Data centers, software providers and information technology firms can expect that clients will be asking to see their service organization control (SOC) reports.

SOC reports have replaced the Statement on Auditing Standards 70 (SAS 70) as a means of assuring companies they do business with that proper controls are in place.

“Years ago, it was mostly payroll companies having SAS 70 audits done because they were affected more than everybody else. They managed their clients’ money, and their clients needed to make sure that they had controls in place,” says Robert B. Brenis, CGEIT, CISA, CRISC, PMP, a principal with Skoda Minotti Technology Partners. “A lot of companies are now seeing the need for these because, with the advent of technology, many have access to their clients’ information.”

Smart Business spoke with Brenis about the differences between SOC reports and SAS 70 audits and the types of companies that should have them prepared.

What is a SOC report and how does it differ from the SAS 70?

SAS 70 was one report, now the SOC 1, and it covered service organization controls related to financial statement assertions. SOC reports break SAS 70 reports into three different reports: SOC 1, SOC 2 and SOC 3. SOC 2, also known as AT 101, audits any or all of five trust service principles: security, availability, processing integrity, confidentiality and privacy. It also contains descriptions of tests performed and the results. The intended audience for a SOC 2 report is management of the user entities. While SOC 3 reports look at the same data as a SOC 2, it is more of a general use report, providing only the auditor’s report on whether the system achieved the test criteria. A SOC 3 report is intended for any user who wants assurance on the five trust service principles and wants this report freely distributed.

Why was a switch made from SAS 70 to SOC reports?

The biggest reason is that the SAS 70 was not being used the way the American Institute of Certified Public Accountants intended it to be used. Accountants were opining on more technical things like firewalls they have in place and secured socket layer encryption. Accountants, however, weren’t entirely sure what any of that meant.

There were way too many IT things creeping their way into the SAS 70 report, so they broke them into two different standards — the financial assertion standard, which is now the SOC 1, and the SOC 2/SOC 3 which focus on the five trust principles.

How do you know if you need a SOC 1 or SOC 2 report?
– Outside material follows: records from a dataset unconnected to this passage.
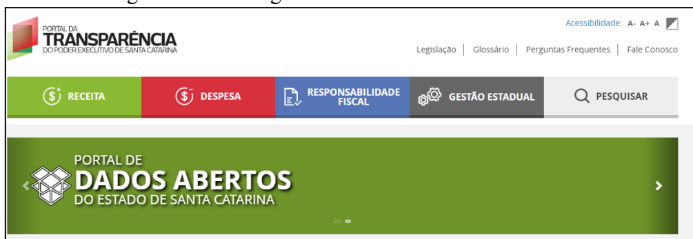
Figura 5 - Banner giratório no Portal de Dados Abertos

Os links para a API no Portal de Dados Abertos para cada consulta ainda não foram implementados até o momento, pois aguarda recursos e melhoria na infraestrutura das máquinas virtuais (servidores dos dados abertos).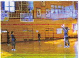
▲3ポイントシュート練習

現時点では、県総体や市郡の総体の開催も未定ですが、自分や目標と向き合い、ひたむきに努力し、チャレンジする精神を身に付けて欲しいと思います。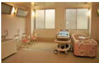
浴室(特殊浴) 32.6㎡ 介護用浴槽を設置し、障がいのある方でも安心して入浴していただけます。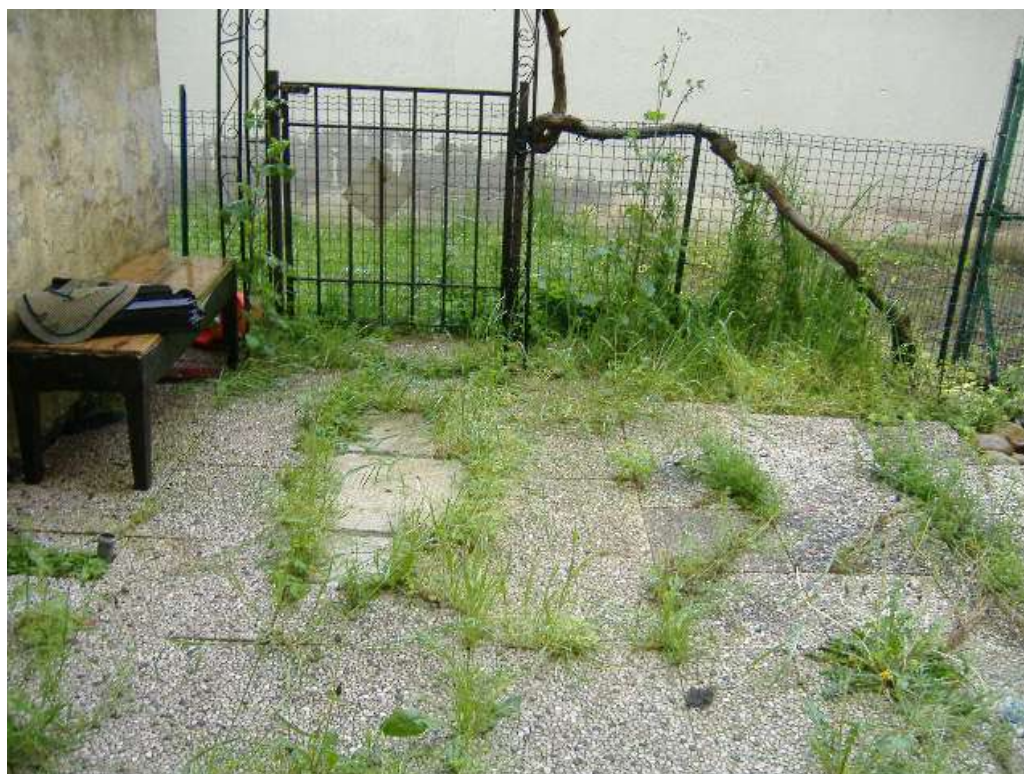
Area esclusiva (lato nord)

It gets back to the type of business that’s being provided. If a service is being provided that can affect a client’s financial statements, a SOC 1 is absolutely needed. Say you’re housing servers. That’s more in the realm of security and availability, which talks to the trust services principles found in SOC 2. You should talk to the client to understand the service they’re providing and make sure they get the right one done.

What is meant by Type 1 and Type 2 reports?

As was the case with the SAS 70 audit, there are also two types of SOC reports. With a Type 1, the policies you have are reviewed to determine if they cover the controls you have described in the ‘Management’s Description’ section of the report. In a Type 2 report though, it’s not just the policies that are audited but also the procedures. If you have a policy that says you are reviewing employee network access monthly, for a Type 1 this policy is enough. For a Type 2, you need to show proof that these reviews are happening on a monthly basis.

What value does a company get from a SOC report?

  •  You will have a description of your business in your words.
  • Your clients’ concerns about certain controls are addressed before these concerns become issues.
  • You will have an SOC report completed before you are required to have one for an RFP.
  • You will demonstrate to your clients that your business uses due care in managing information.
  • You can use this process to review and improve internal controls, eliminating unnecessary risk from your business.

One example is a medical billing company that thought it had all the policies and procedures in place to ensure it was tracking receivables on a consistent basis. When we went through the process of the controls that were in place, it was discovered that any receivable that got beyond 180 days dropped off their radar. So they weren’t chasing after money when they should have been. It helped them realize where they had holes and led to a change in their processes. The next year they didn’t have anything in their receivables that came up to 180 days. So the receivables were watched on a much tighter basis.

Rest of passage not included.